In the process of trying to migrate VM's between hosts with private networks attached, it seems that I have managed to knock a host out of the poll or something and I can no longer do anything with it.

One of the VM's crashed in that we had to use the command line to turn it off (it became non-responsive totally to XEO). Now it seems that it exists on both hosts at the same time or something like that.

I restarted the toolchain on both hosts. Rebooted the troublesome one, and still can't do anything. I tried making it the pool master.. all sorts with no joy.

Currently it shows as "disconnected" and has apparently been up for 22 days despite having just been rebooted. (see attached).

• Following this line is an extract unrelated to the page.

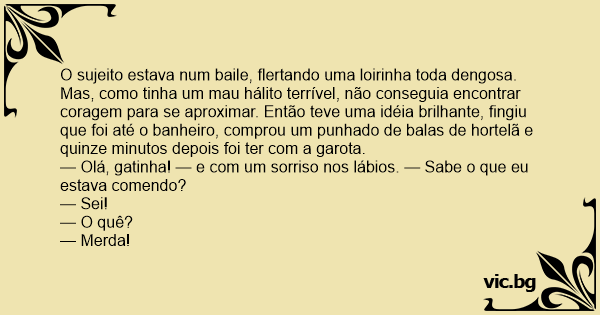 O sujeito estava num baile, flertando uma loirinha toda dengosa. Mas, como tinha um mau hálito terrível, não conseguia encontrar coragem para se aproximar. Então teve uma idéia brilhante, fingiu que foi até o banheiro, comprou um punhado de balas de hortelã e quinze minutos depois foi ter com a garota.

So.... where too from here? It has nothing important on it yet.. but there must be a better way to move machines :).

Ta
Peter.
Screenshot from 2019-06-21 11-27-44.png

OK, more information. I've managed to connect to the host via its ipmi interface. It seems there are NO network interfaces at all on the host any more.

Configure Management Interface tells me there are no interfaces.... Dispaly Nics is blank..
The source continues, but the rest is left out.